Fixing PHP = 0.05 and setting PE = 0 leads to similar goodness-of-fit results as described above. Figure 2 shows the changes in p-value and observed cross-transmission events as PR is varied. When PR = 0.13, the model very clearly replicates the dynamics of the 23 events reported on days other than Mondays (p = 0.90); however, on average, only 14 are seen on a Monday (p = 0.004). Roughly doubling PR to 0.35 suggests that the Monday surveillance consistently reports 23 events (p∼0.35), but now the non-Monday events report about 39 events (p = 0.01). While both these situations caused us to reject the parameter sets as valid descriptors of the observed data given our acceptance criteria, values of PR between these ranges provide a compromise such that when PR = 0.19, the p-value for both surveillance streams is greater than 0.1 (p = 0.13 for non-Monday; p = 0.22 for Monday, although similar behaviour is observed for values of PR from 0.18 to 0.21). Such a value of PR suggests that the probability of self-recontamination over an 8 h shift is around 0.87 and shows that a colonized HCW is likely to recontaminate him/herself at least once during a shift.

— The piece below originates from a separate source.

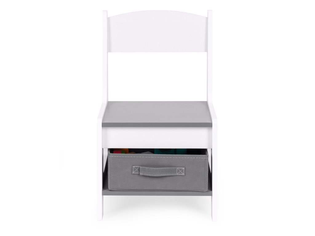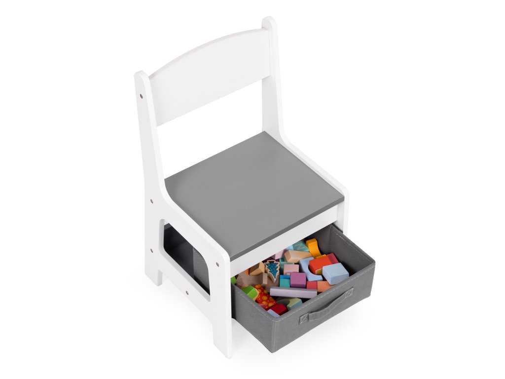 Každá židle je vybavena praktickou látkovou zásuvkou umístěnou přímo pod sedákem. Všechny důležité předměty jsou tak vždy po ruce, což dětem pomáhá samostatně si organizovat svůj prostor. Měkký a bezpečný design zásuvky zajišťuje, že je pohodlná a snadno použitelná.

Given a parametrization of the model with PHP = 0.05, PE = 0 and PE = 0.19, figure 3 shows the course of each patient that suffered a cross-transmission event on the MICU. The simulation that resulted in this distribution of events was the single realization that best matched the surveillance data. It should be recalled that patients are never decolonized while on the ward, but they are placed back under isolation following positive test results. Of note, many cases leave the ward soon after colonization (15 out of 50 leave within 24 h of colonization), but some stay for a substantial period of time, albeit under isolation. In this simulation, 19 patients of 46 were identified by discharge screening (as well as the four that were never identified) and so never returned to isolation conditions.
3.2. Scenario analysis
Assuming that the derived parametrization of PHP = 0.05, PE = 0 and PR = 0.19 is representative of the dynamics on the ward enables the evaluation of various policy scenarios. Table 6 shows the results from the model of changes to certain protocols on the ICU. For the PCR and culture test sensitivity chosen here, it can be observed that about 5.1 cross-transmissions are missed by the existing surveillance protocols. Furthermore, for these parameters, it can be seen that about 14.9 per cent of beds were occupied by colonized patients, but 89 per cent of these were under isolation conditions, thus suggesting that severe outbreaks were effectively curtailed. By contrast, 65 per cent of beds under isolation were MRSA-free. Of the 53.6 cross-transmission events calculated by the model, 6.4 per cent occurred under isolation. We note that the variance of the reported cross-transmission events resembles the variance of the actual events manifest in the surveillance data.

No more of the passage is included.